While a good number of UAE restaurants have long served camel meat, a Dubai cafe is trying to give a modern twist to an old Bedouin tradition and has some more unusual camel products on its menu.
Launched in September 2011 by an Emirati entrepreneur as part of an effort to revive Bedouin traditions, Cafe2Go now features camel lattes, camel-ccinos and camel-meat fajitas.
This month, he launched Camellos - a brand name for his products derived from the Spanish word for camel.
"Camel milk has been around for centuries and I wanted our younger generation to start drinking it again," says Jassim Al Bastaki, the cafe owner.
From here came the idea of mixing it with modern drinks."
Camel milk has been a staple for desert Arab nomads for generations.
However, its boom in modern food and beverage industries in the UAE adds a new level to its commerciality. Apart from being a novelty in the glitzy home of the world's tallest building and the man-made palm islands, Mr Al Bastaki swears by the health benefits of camel milk.

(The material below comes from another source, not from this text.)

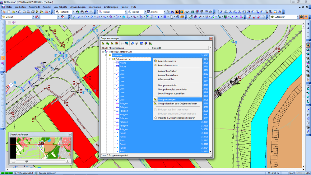 Über den Gruppenmanager werden ausgewählte Grafikobjekte zu Gruppen zusammengefasst, die anschließend gemeinsam wieder verändert werden können. Damit werden die Möglichkeiten zur Massen-Manipulation von Objekten innerhalb von GEOvision³® extrem erweitert. Damit ist nicht nur eine Selektion der Objekte über grafische oder klassische Kriterien möglich, sondern auch eine Selektion über logische Zusammenhänge von Objekten. Den einzelnen Gruppen kann ein aussagekräftiger Name gegeben werden, um das Wiedererkennen zu erleichtern. Innerhalb des Dialogs werden in einer Baumstruktur alle Gruppen des aktuellen Modells aufgelistet. Jedes dazugehörige Objekt ist dabei auch einzeln ansprechbar.

Studies show it is almost as nutritious as human breast milk and offers 10 times more iron and three times more vitamin C than cow's milk.
The challenge in marketing the product comes from the taste and distinct smell.
Camel milk is slightly saltier than other dairy products and has a heavy taste.
Mr Bastaki says he spent months testing different concoctions on family and friends before coming up with the perfect blend.
"Camel milk is known for being a healthier choice," he says.
"We just had to find the right coffee bean mix and degree of steaming the milk to make it taste good."